There are at least four clear benefits to a Government of National Unity

Dear Editor,

With APNU contesting the upcoming elections on a platform of shared governance and power-sharing in the form of a Government of National Unity (GNU), the debate on the merits and demerits of this idea has resurfaced. Despite what the sceptics say, there are at least four clear benefits of a GNU for Guyana.

Perhaps the foremost benefit of a Government of National Unity is its potential for ensuring that no ethnic group dominates the other politically and by extension culturally and economically. In Guyana the executive branch has evolved as the engine of government with the other two branches serving for the most part in a supplementary manner. One can argue with much justification that there has been an executive supremacy that borders on executive tyranny. The party which wins the election gets a majority in the parliament, which then gives it automatic control of the executive branch. This guarantees the governing party enormous power, which in a situation of ethnic polarisation is an unfair advantage that eventually leads to authoritarianism or democratic exclusion. With the built-in parliamentary majority, government bills are guaranteed passage unless there is a revolt among government parliamentarians, which has never occurred in Guyana.

However, with both parties in the cabinet the fear of the power of the executive by the minority would be greatly diminished. Since ethnic insecurity is premised on the fear of domination, institutional assurances of security will most likely lead to a decrease in the intensity of this fear. Because the executive branch of the government has a monopoly on decision-making within the Guyanese state, it has become the symbol of domination along class, gender and ethnic lines. Given the fact that ethnicity has greatly influenced political behaviour in Guyana since 1955, control of the government is seen largely, though not exclusively, in ethnic terms. The power of the state in determining economic policy and distributing resources places it in an extremely powerful position. In an economy in which the state is the largest employer and the private sector is relatively small, the power of the executive is enhanced.
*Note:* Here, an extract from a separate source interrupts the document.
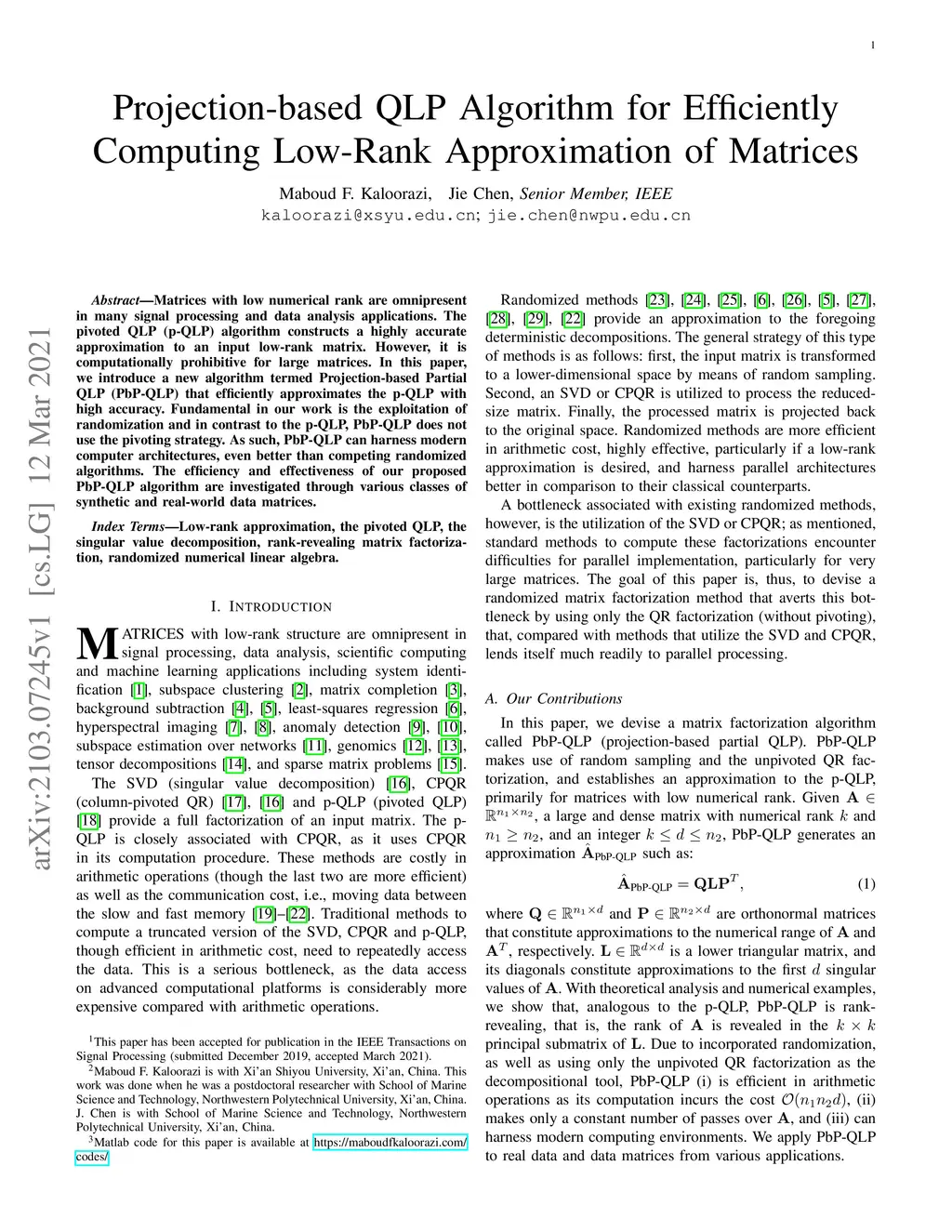 Projection-based QLP Algorithm for Efficiently Computing Low-Rank

This leads to a second benefit of a Government of National Unity – the enlarging of multiethnic space. The creation of multiethnic space in ethnically polarized societies is directly linked to ethnic security. When ethnic insecurity is high multiethnic space contracts, and when it decreases multi-ethnic space grows. The PPP’s retreat from the power-sharing pact with the opposition parties and its refusal to enter into a similar pact with the PNC after the 1992 election greatly decreased multiethnic space. The consequence was the heightening of ethnic insecurity and conflict that exploded in the wake of the 1997 election and has since all but consumed the society. The removal of the threat of political domination would most likely decrease the ethnic temperature.

A third benefit of a Government of National Unity is its potential for the enhancement of democratization within the government. One of the problems of governance in the Caribbean, despite its general adherence to the tenets of formal democracy is the concomitant monopoly of power by the ruling party and the exclusion of the opposition. This democratic exclusion has led to a virtual one-party democracy, which has had negative consequences for the rule of law, respect for civil liberties, government accountability, economic management and development, political stability and national sovereignty. In ethnically polarized societies democratic exclusion and one-party democracy often mean ethnic exclusion and domination. The ruling party’s obsession with remaining in power to protect the ‘race‘ leads to it being unaccountable to either its constituency or that of the opposing parties. Further, the guaranteed ethnic support regardless of the quality of governance makes the government more likely to overreach. On the other hand opposition perception and reality of marginalization drive it to extra-parliamentary tactics, which are then crushed by the government. While power-sharing in the executive does not automatically lead to democratization of the other two branches, it stands a better chance of facilitating this. Increased separation of powers between the executive and legislative branches would lead to more checks and balances than currently exist.

A fourth benefit of a Government of National Unity  is that it brings the opposition off the streets into the formal councils of government, thus denying the government the excuse that it is under siege and the opposition of charges that its supporters are ethnically marginalized. With both groups in the executive branch, majoritarianism gives way to a more consensus form of democracy.